Долгое время страницы истории Первой Мировой войны оставались для наших соотечественников и в СССР, и в постперестроечной России непростительно чистыми и неисследованными. Они не только не знали, где и когда разворачивал свои силы тот или иной фронт, но не подозревали даже о существовании Русского экспедиционного корпуса в составе 45 тысяч человек, чьи особые пехотные бригады доблестно воевали в Шампани («Чтобы Францию спасти», - как поет современный бард Леонидов) и на Салоникском фронте, в Македонии. Не подозревали и о героическом и жертвенном «Русском Легионе Чести», воины которого навеки покрыли себя неувядаемой славой, до конца выполнив свой союзнический долг и оказавшись под занавес Великой войны в числе победителей. Флаг «Русского Легиона Чести» полноправно развевался на берегах Рейна – в самом сердце Германского Рейха.
Энское сражение
К сожалению, «Русский Легион Чести» - это всего лишь то, что к ноябрю 1918-го осталось от 1-й и 3-й особых пехотных бригад Русского экспедиционного корпуса, высадившихся в портах Марселя и Бреста в апреле 1916 года. Первой бригадой командовал генерал-майор, Георгиевский кавалер Лохвицкий, третьей – генерал-майор Марушевский. Именно «Русскому Легиону Чести», как называли это воинское формирование французы, было суждено в составе Марокканской ударной дивизии воевать в Шампани и Пикардии, пройти дорогами Лотарингии и Эльзаса, вступить на земли Саара и дойти до Рейна. Многие из его солдат и офицеров были удостоены французских боевых наград – «Военных Крестов» различных степеней, так называемых «фуражеров» - полковых знаков отличия за подвиги на поле брани, отмеченные в приказах по армии, носимых на левом плече, «Военных медалей» и достаточно редких крестов Почетного Легиона.

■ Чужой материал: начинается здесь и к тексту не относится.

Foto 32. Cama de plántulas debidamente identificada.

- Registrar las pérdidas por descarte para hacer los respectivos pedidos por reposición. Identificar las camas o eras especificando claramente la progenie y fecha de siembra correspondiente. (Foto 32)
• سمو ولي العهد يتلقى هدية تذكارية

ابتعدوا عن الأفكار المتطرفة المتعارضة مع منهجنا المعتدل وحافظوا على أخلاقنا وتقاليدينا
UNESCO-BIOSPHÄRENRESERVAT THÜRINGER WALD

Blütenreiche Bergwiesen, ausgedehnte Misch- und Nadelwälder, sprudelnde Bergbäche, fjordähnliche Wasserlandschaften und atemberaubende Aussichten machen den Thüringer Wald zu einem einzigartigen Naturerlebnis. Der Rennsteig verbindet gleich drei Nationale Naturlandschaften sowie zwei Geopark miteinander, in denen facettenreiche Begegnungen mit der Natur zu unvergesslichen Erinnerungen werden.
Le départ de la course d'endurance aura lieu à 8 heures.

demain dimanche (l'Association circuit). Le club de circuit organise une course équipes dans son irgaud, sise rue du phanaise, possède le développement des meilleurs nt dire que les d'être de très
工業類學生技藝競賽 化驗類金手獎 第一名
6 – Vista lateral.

Спустя годы бывший командир 8-го Зуавского полка генерал Лагард писал, обращаясь к оказавшимся на чужбине бывшим русским офицерам-легионерам: «Дружно, как братья, русские легионеры и зуавы бросались вместе – первые, представляя в рядах Французской армии благородную Русскую Нацию и вписывая в свою военную историю новые страницы Славы, при чтении которых забьются гордостью сердца в вашем возрожденном Отечестве, вторые же – чтобы изгнать врага за французскую границу».

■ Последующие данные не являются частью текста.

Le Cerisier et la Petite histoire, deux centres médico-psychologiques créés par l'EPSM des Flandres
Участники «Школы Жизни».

Много воды утекло с тех пор в реке Эн, словно бы очертившей когда-то места кровавых стычек и атак, где русские нижние чины, унтер-офицеры, офицеры, священники и военные врачи сказали свое веское слово. Реймс и Мурмелон, село Обрив, командные высоты Сэн Гобэн и Бримон, Спэн и Сапиньоль – местные жители до сих пор помнят о блестящих атаках чинов Русского экспедиционного корпуса, которые помогли развить французам на этом участке фронта безоговорочный успех. В результате долго не поддававшиеся французской пехоте, хорошо укрепленные немцами возвышенности, с которых они в 1918-м вновь обстреливали Париж, были, наконец, взяты. 1-й и 2-й Русские полки, относившиеся к первой особой бригаде и 5-й и 6-й – из состава третьей особой бригады, получили на свои знамена «Военные Кресты» с пальмой, а Энское сражение стало «лебединой песней» Русского экспедиционного корпуса в Шампани. За честно исполненным долгом стояли огромные потери: 70 офицеров и 4 тыс. 472 солдата убитыми, ранеными и без вести пропавшими.

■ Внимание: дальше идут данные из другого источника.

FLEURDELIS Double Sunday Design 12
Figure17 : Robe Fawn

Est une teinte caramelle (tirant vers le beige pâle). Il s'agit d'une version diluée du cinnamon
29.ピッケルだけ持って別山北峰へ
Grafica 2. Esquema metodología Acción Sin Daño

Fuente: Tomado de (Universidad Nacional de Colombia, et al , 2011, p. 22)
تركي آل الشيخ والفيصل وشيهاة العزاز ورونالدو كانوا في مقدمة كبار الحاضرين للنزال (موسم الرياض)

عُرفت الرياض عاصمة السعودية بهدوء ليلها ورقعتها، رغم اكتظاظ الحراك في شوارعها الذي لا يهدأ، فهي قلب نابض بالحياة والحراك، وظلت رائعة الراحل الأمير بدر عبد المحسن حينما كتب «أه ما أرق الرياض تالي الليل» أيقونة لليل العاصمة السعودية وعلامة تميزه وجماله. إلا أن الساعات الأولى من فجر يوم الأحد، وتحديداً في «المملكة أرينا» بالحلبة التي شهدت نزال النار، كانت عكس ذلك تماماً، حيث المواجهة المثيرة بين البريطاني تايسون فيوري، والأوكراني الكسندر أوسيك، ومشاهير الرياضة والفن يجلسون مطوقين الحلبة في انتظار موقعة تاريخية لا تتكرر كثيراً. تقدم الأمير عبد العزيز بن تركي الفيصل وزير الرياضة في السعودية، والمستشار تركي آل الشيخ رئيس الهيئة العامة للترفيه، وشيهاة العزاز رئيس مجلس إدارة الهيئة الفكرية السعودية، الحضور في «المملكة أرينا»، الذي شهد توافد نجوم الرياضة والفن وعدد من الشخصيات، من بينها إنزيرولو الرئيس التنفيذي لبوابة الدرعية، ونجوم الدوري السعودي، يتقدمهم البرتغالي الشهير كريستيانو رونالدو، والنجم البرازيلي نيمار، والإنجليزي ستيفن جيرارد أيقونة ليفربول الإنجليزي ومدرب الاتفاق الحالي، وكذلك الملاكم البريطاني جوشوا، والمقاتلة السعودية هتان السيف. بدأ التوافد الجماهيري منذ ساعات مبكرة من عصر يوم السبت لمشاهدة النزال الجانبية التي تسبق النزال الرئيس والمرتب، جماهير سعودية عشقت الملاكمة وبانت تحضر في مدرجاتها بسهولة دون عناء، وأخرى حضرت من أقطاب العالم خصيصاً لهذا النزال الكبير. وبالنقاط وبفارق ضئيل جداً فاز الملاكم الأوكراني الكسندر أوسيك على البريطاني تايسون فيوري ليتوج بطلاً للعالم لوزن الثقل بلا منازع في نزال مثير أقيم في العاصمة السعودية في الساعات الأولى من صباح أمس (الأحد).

В то же время вот что писал генерал Мазель в своем приказе №174 по V армии от 1 мая 1917 г.: 3-я Русская бригада, 5-й и 6-й особые полки, тщательно подготовленная своим командиром генералом Марушевским, показала блестящую выдержку в бою. Получив приказание овладеть укрепленным пунктом, вышла в атаку с большой доблестью, преодолев смертоносный огонь противника». Такая же блестящая оценка дана генералом 1-му и 2-му особым полкам 1-й Русской бригады.
В Мурмелоне – как в строю…
… Поля Шампани и ранней весной выглядят безукоризненно ровными и зелеными, а в начале мая по обочинам ее дорог распускаются неприхотливые ярко-красные маки, и, кажется, ничто уже и никому не напоминает здесь об отшумевших, столетней давности, битвах. Конечно, проносящиеся по дорогам Шампани в комфортабельных автобусах российские туристы кое-что слышали и о «верденской мясорубке», и о расстрелянном немцами Богородичном соборе в Реймсе, но дальше этого их познания не идут, и они равнодушно проезжают мимо и Суассона, и Виллэр-Котрэ, и Мурмелона – мест былых боев своих соотечественников. А между тем, в Мурмелоне (департамент Марна) находится самое большое русское военное кладбище, на котором в 1937 году на средства Союза офицеров Русского экспедиционного корпуса, участников войны на Французском фронте, русских эмигрантов и благодарных французов был воздвигнут храм-памятник во имя Воскресения Христова (архитектор А. Бенуа), первый камень в основание которого заложил Высокопреосвященнейший Митрополит Евлогий.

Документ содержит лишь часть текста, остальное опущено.